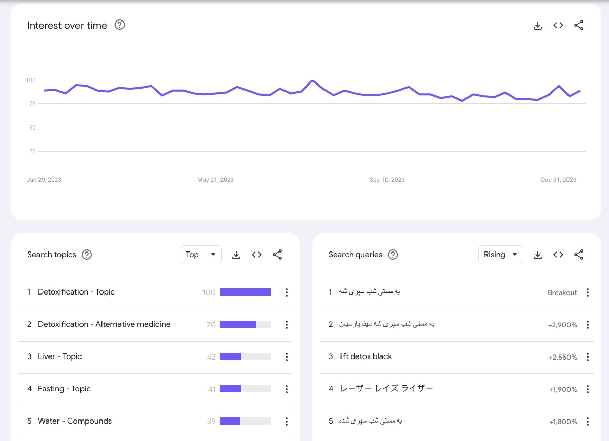 What’s particularly valuable appears beneath this graph – both search topics and search queries related to your chosen category. These suggestions are the key to discovering emerging trends.
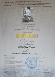 Радуют и мои ученики своими победами в международных, всероссийских, областных, муниципальных конкурсах. Самую высокую награду - Гран-при на областном рейтинговом конкурсе им. Аристова получил Москаев Иван. В этом конкурсе наши ученики ежегодно принимают участие и становятся лауреатами и дипломантами.
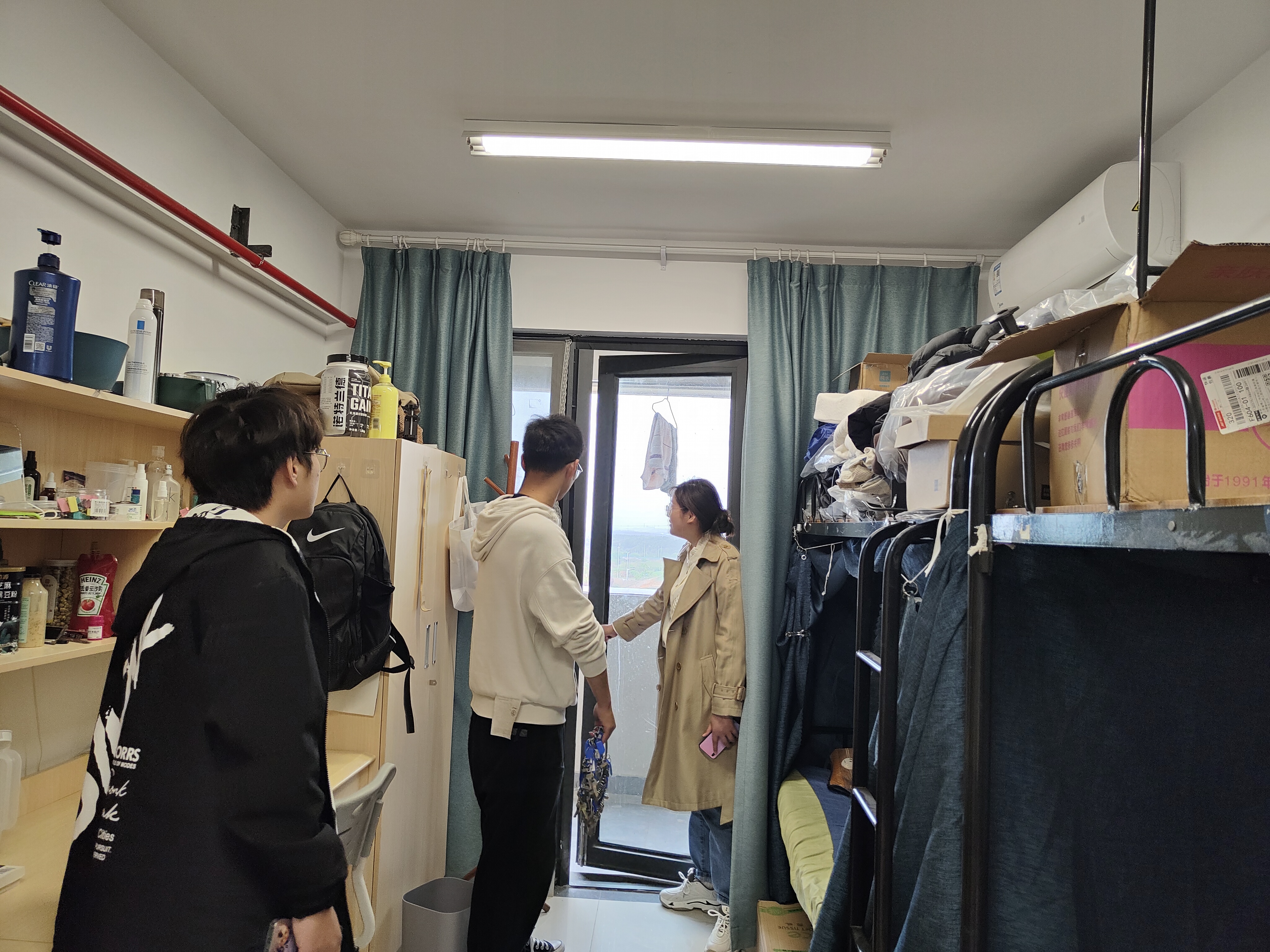 随后,研究生辅导员席娟、朱志贤与研究生班委根据宿舍卫生标准,对所有研究生宿舍进行专项检查,重点对各个宿舍的安全卫生情况进行逐一检查,针对部分宿舍存在的问题,点对点通知到宿舍同学进行整改。辅导员针对春季多风干燥的特点,叮嘱同学们不要在阳台放置杂物,防止火情,天气多变,注意个人健康防护,宿舍多通风,鼓励学生走出宿舍,加强身体锻炼。
━━━━━━
**YOUR INSTRUCTIONS:** Omit the pictures, then retype the remaining material without a single change.

**OUTPUT FOR THIS EXERCISE:**
 What’s particularly valuable appears beneath this graph – both search topics and search queries related to your chosen category. These suggestions are the key to discovering emerging trends.
 Радуют и мои ученики своими победами в международных, всероссийских, областных, муниципальных конкурсах. Самую высокую награду - Гран-при на областном рейтинговом конкурсе им. Аристова получил Москаев Иван. В этом конкурсе наши ученики ежегодно принимают участие и становятся лауреатами и дипломантами.
 随后,研究生辅导员席娟、朱志贤与研究生班委根据宿舍卫生标准,对所有研究生宿舍进行专项检查,重点对各个宿舍的安全卫生情况进行逐一检查,针对部分宿舍存在的问题,点对点通知到宿舍同学进行整改。辅导员针对春季多风干燥的特点,叮嘱同学们不要在阳台放置杂物,防止火情,天气多变,注意个人健康防护,宿舍多通风,鼓励学生走出宿舍,加强身体锻炼。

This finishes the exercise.